NATO diplomats have been discussing how they can expand counterterrorism training, including ways to use allied special operations forces to better train antiterror commandos in the Middle East and Africa. Those proposals could include expanding the work or mandate of the NATO Special Operations Headquarters, which develops NATO counterterrorism plans.

No NATO member, including the U.S., has advocated the alliance conducting counterterrorism strikes or taking a direct attack role in the military fight against Islamic State in Syria, Libya or Afghanistan.

But expanding the alliance's use of its scarce resources, such as special-operations forces, is difficult and could weigh on NATO's budget, which some countries oppose expanding.

Bruno Lt, a security expert at the Brussels office of the German Marshall Fund, said the U.S. has indicated it wants NATO to do more to combat terrorism. "NATO allies are going to need to subscribe to Trump's desire for a new NATO that can engage in counterterrorism efforts," Mr. Lt said.

Allied ambassadors are set to formally discuss the counterterrorism post and other proposals at a May 5 meeting, officials said. Diplomats have been debating various proposals as they prepare for the meeting of allied leaders, including Mr.
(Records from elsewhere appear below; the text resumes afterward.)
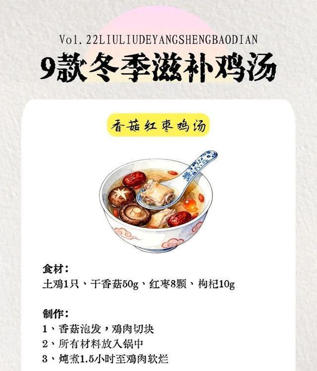 图片来源于网络 侵删三、菌香浓郁款|香菇红枣鸡汤食材清单土鸡1只、干香菇10朵、红枣8颗、枸杞10g、姜片2片、料酒1勺、盐适量详细步骤4. 干香菇用温水泡发30分钟(泡香菇的水过滤留着,增香超管用);5. 土鸡切块冷水下锅,加料酒、姜片焯水3分钟,撇沫后冲净,和香菇、红枣、姜片一起放入砂锅;6. 倒入泡香菇水+足量清水,大火煮沸转小火炖1.5小时,加枸杞煮10分钟,加盐即可,菌香直飘满屋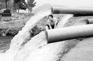河南全力抗旱 在河南省汝阳县上店镇西庄村的北汝河岸,一名水利工作人员在看护着灌溉农田的抽水机泵(8月5日摄)。近日,河南中西部重点受旱地区旱情持续加重。据统计,伏旱以来,河南省累计投入抗旱资金13.2亿元,高峰时日最高出动劳力122万人,开动机电井45万眼,投入泵站869处,出动抗旱设备93.5万台套,累计抗旱灌溉7109万亩次,力争把干旱对农作物造成的损失减少到最低程度。 新华社发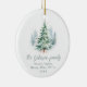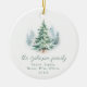 Personalized family Christmas ornament features watercolor pine tree and elegant script family name in sage green, modern and simple.
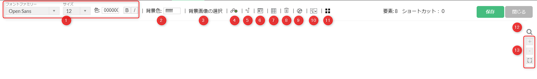 | 7.グリッド線の表示・非表示 | グリッド線の表示・非表示を変更します。 |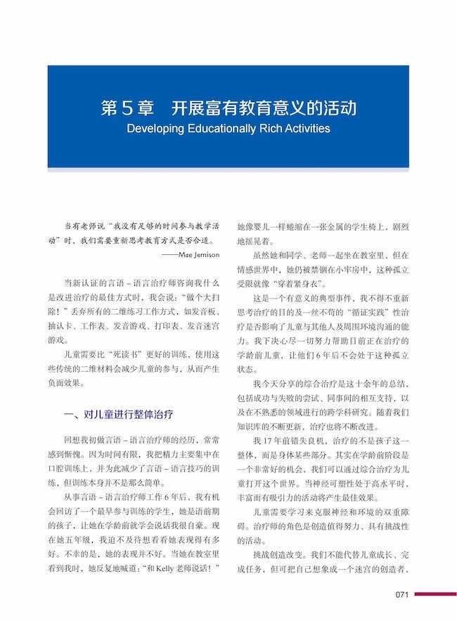 本书是指导从事儿童语音治疗专业人员遵从儿童语音发展规律,寻找最近发展区确定治疗目标,研发适合汉语言文化语音评估及干预的工具书。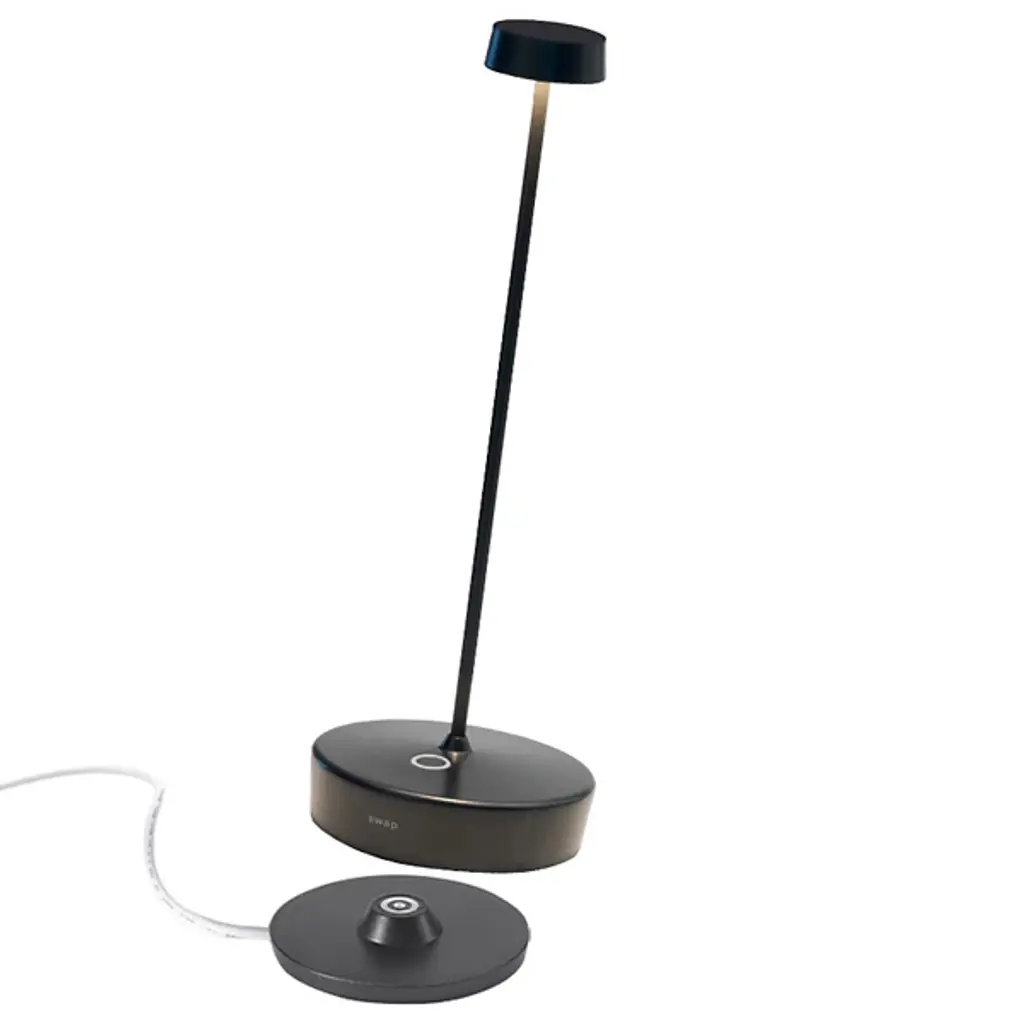 The Swap Pro Rechargeable LED Table Lamp from Zafferano America is a rechargeable, battery-powered cordless table lamp designed for indoor and outdoor use. It offers versatility with the option to use decorative shade accessories or enjoy its sleek design. An advanced electronic control system monitors battery life and ensures a consistent luminous output until the battery is fully depleted. The optimized recharging process ensures the lamp is always properly charged, making Swap a practical and stylish lighting solution for any setting.

Trump, later this month. Turkish, British and French delegations have circulated papers.

The U.S. however hasn't submitted a paper or made any formal requests to the alliance. While Mr. Trump has said he wants the allies to do more on counterterrorism, neither he nor other U.S. officials have stated any specific desires, according to allied diplomats.

Some NATO allies have said privately that without a formal proposal from the U.S., reaching consensus on new counterterrorism plans is difficult.

Click for more from The Wall Street Journal.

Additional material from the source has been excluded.